▶ **Stored data**:
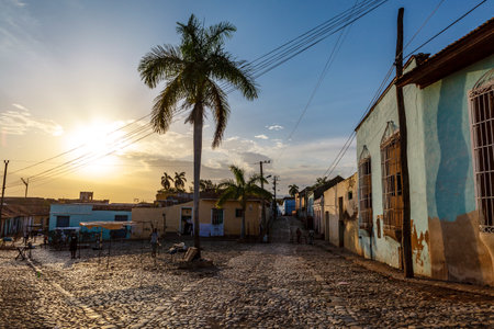 TRINIDAD, CUBA - JANUARY 4, 2017: Tropical sunset in a colonial street. Urban scene in Colonial town cityscape of Trinidad, Cuba.
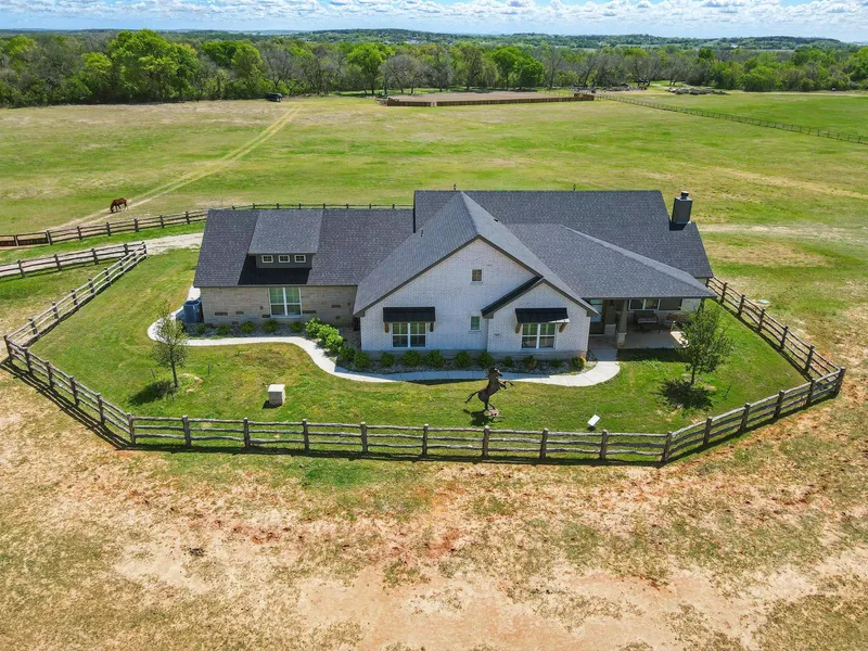 Stunning home situated on 15.4 acres in Brock Texas, this stunning 2,561 square foot custom-built home is nestled within the renowned Brock ISD. Only three years old, this home features a very open floor plan with large windows that overlook the lush coastal field, and it backs up to the serene Patrick Creek. With three bedrooms and two and a half baths, this open floor plan boasts beautiful hardwood throughout. Kitchen is open to the vaulted living room, lots of cabinets, large island, and high end appliances. The property is fully fenced and cross-fenced, with pipe rail fencing on the exterior and beautiful cedar fencing around the house. Enjoy outdoor living with a swimming pool and hot tube. Large shop featuring two glass roll-up doors, covered trailer storage, and four large stalls for horses. Stalls have auto waterers and premier stall feeders. New roping arena. Dont miss this opportunity to own your own horse property in Brock, Texas.
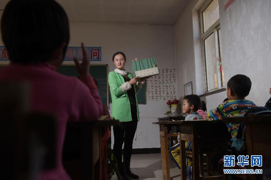 10月20日,钟丽娟在给孩子们上数学课。钟丽娟是河北省隆化县西阿超乡南山根村小学唯一一名教师,负责13个二年级和11个学前班学生。河北省隆化县有4万多名中小学生,其中不少学生家在偏远山区。隆化县为了让每一名学龄儿童不因为上学路途遥远而辍学,除加强中心学校的重点建设外,还因地制宜保留了79所“一人一校”乡村小学校或教学点,使偏僻山村的近1000名低年级小学生就近入学,有效地保证了全县学龄儿童百分之百的入学率。新华社记者金良快摄
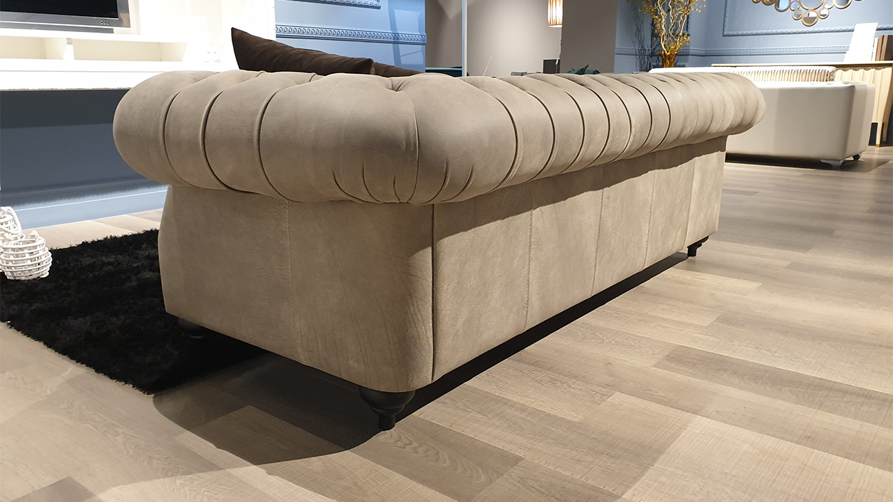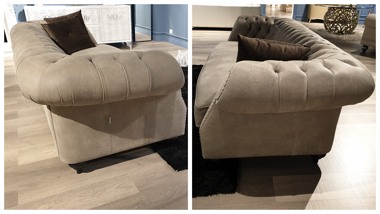 Divano contemporaneo rivestito in pelle con lavorazione chester tutto rivestito in pelle spessorata grigio chiaro con piedini a cipolla neri.

▶ **Required work**: Drop every picture from the data, then output all the rest exactly.

▶ **Problem solution**:
 TRINIDAD, CUBA - JANUARY 4, 2017: Tropical sunset in a colonial street. Urban scene in Colonial town cityscape of Trinidad, Cuba.
 Stunning home situated on 15.4 acres in Brock Texas, this stunning 2,561 square foot custom-built home is nestled within the renowned Brock ISD. Only three years old, this home features a very open floor plan with large windows that overlook the lush coastal field, and it backs up to the serene Patrick Creek. With three bedrooms and two and a half baths, this open floor plan boasts beautiful hardwood throughout. Kitchen is open to the vaulted living room, lots of cabinets, large island, and high end appliances. The property is fully fenced and cross-fenced, with pipe rail fencing on the exterior and beautiful cedar fencing around the house. Enjoy outdoor living with a swimming pool and hot tube. Large shop featuring two glass roll-up doors, covered trailer storage, and four large stalls for horses. Stalls have auto waterers and premier stall feeders. New roping arena. Dont miss this opportunity to own your own horse property in Brock, Texas.
 10月20日,钟丽娟在给孩子们上数学课。钟丽娟是河北省隆化县西阿超乡南山根村小学唯一一名教师,负责13个二年级和11个学前班学生。河北省隆化县有4万多名中小学生,其中不少学生家在偏远山区。隆化县为了让每一名学龄儿童不因为上学路途遥远而辍学,除加强中心学校的重点建设外,还因地制宜保留了79所“一人一校”乡村小学校或教学点,使偏僻山村的近1000名低年级小学生就近入学,有效地保证了全县学龄儿童百分之百的入学率。新华社记者金良快摄
 Divano contemporaneo rivestito in pelle con lavorazione chester tutto rivestito in pelle spessorata grigio chiaro con piedini a cipolla neri.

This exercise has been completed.